The Mariachi Miracle
To view a five minute trailer from the film click here. Click here to follow the film’s progress and get news of the mariachi world via the Facebook page Visit The Mariachi Miracle at its own website.
“Dan Buckley knows this material inside and out, backwards and forward.
He was on the scene when the Changuitos Feos and the first mariachi conferences began in Tucson and has had a chance to witness over a long period of time the positive effect it has had on aspiring youth in our communities.
I can’t think of anyone who could tell this important story with more authority and integrity.”
– Linda Ronstadt
Producer/director Daniel Buckley has begun production on the sixth installment of the Cine Plaza at the Fox documentary series, this time investigating how mariachis and folklórico dancers have transformed Tucson, and how in the process, Tucson has transformed the mariachi and folklórico worlds. (Follow progress on the Mariachi Documentary Blog or visit the Facebook page).
The film is titled The Mariachi Miracle. The point is not to say that Tucson is the mariachi center of America but rather to use the example of Tucson to show the broader impact the youth mariachi movement is making on America. And it is an important impact. Real change in social justice, economic opportunities, political power, racial relations and educational opportunities for Mexican Americans have come from these important, self-generated music and dance programs.
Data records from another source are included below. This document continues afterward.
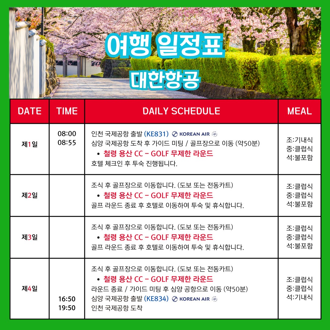 • 클럽하우스 식사 또는 철령·시내의 현지 맛집 중 고객 취향에 맞춰 선택 가능합니다.
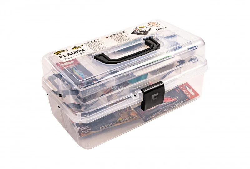 Tackle box heldere bovenkant en heldere onderkant. Zwart deksel met Fladen-logo.
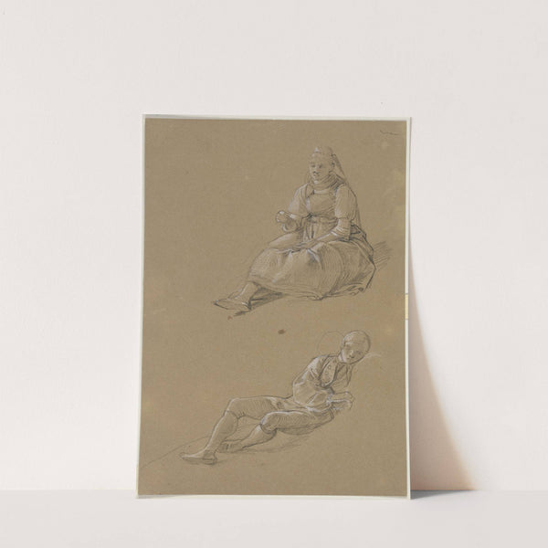 Studienblatt; Auf de Erde sitzendes Bauernmädchen; schlafender Bauernjunge by Jakob Becker
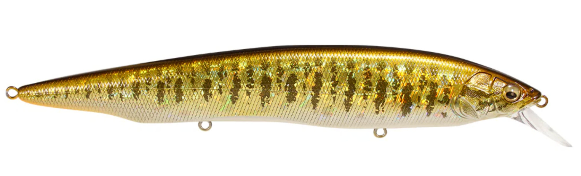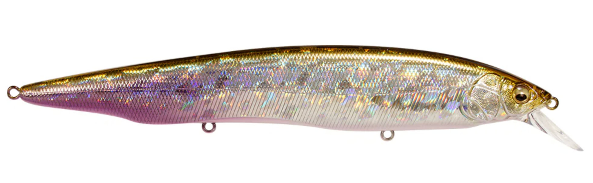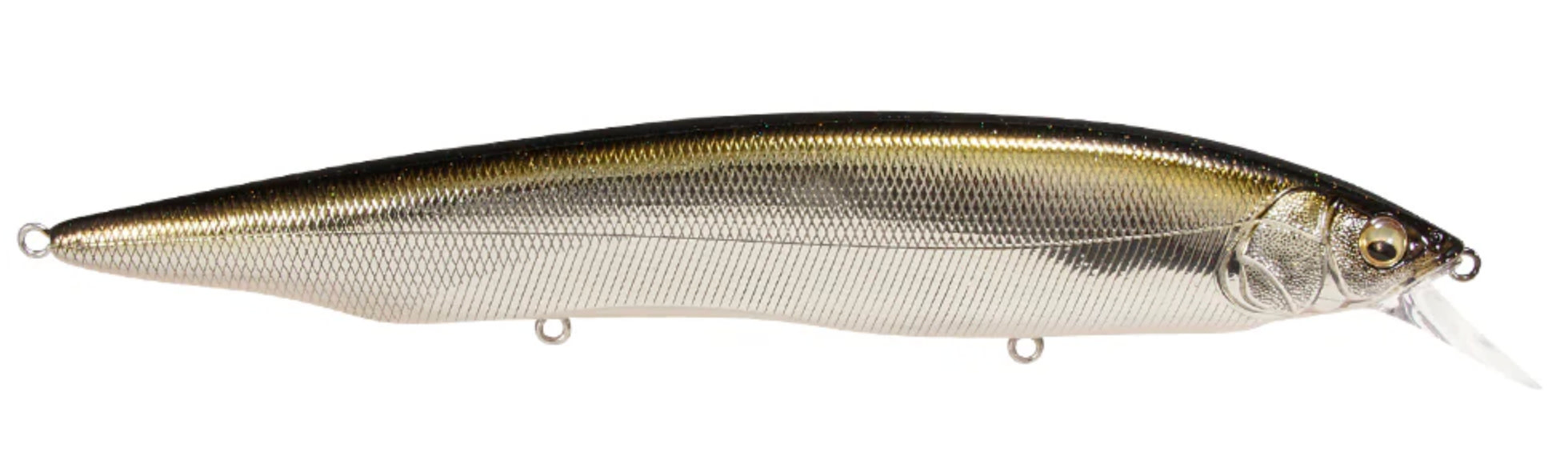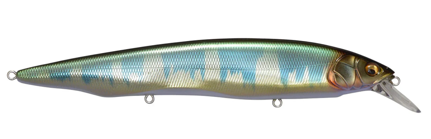Tempting fish that are keyed-in on larger bait, the Megabass Kanata Jerkbait offers a large, attention-grabbing 6-1/3” profile with the action the match. Built with finely tuned flat sides, the Megabass Kanata Jerkbait produces a monstrous flash, whether it is burned over grass beds or worked like a traditional jerkbait.Moving through the water with minimal resistance thanks to its streamlined body, the Megabass Kanata Jerkbatit allows for a fast, action-packed retrieve that will not put undue stress on your wrist or forearm. Sharp rod work fuels an energetic darting action, kicking side-to-side with huge water displacement and less forward travel than an Ito Vision 110. On the pause, the Megabass Kanata Jerkbait lifts its head and rises, adding a unique action to the mix.

A book of the same title will also be released at the time of the premiere in 2018.
Since his start at the Tucson Citizen in 1987 and before at the Tucson Weekly, Buckley has written about mariachis, the Tucson International Mariachi Conference and the larger Latino cultural scene. As no writer in Tucson had, he observed and commented on the evolution of mariachi and folklorico culture, and researched its roots.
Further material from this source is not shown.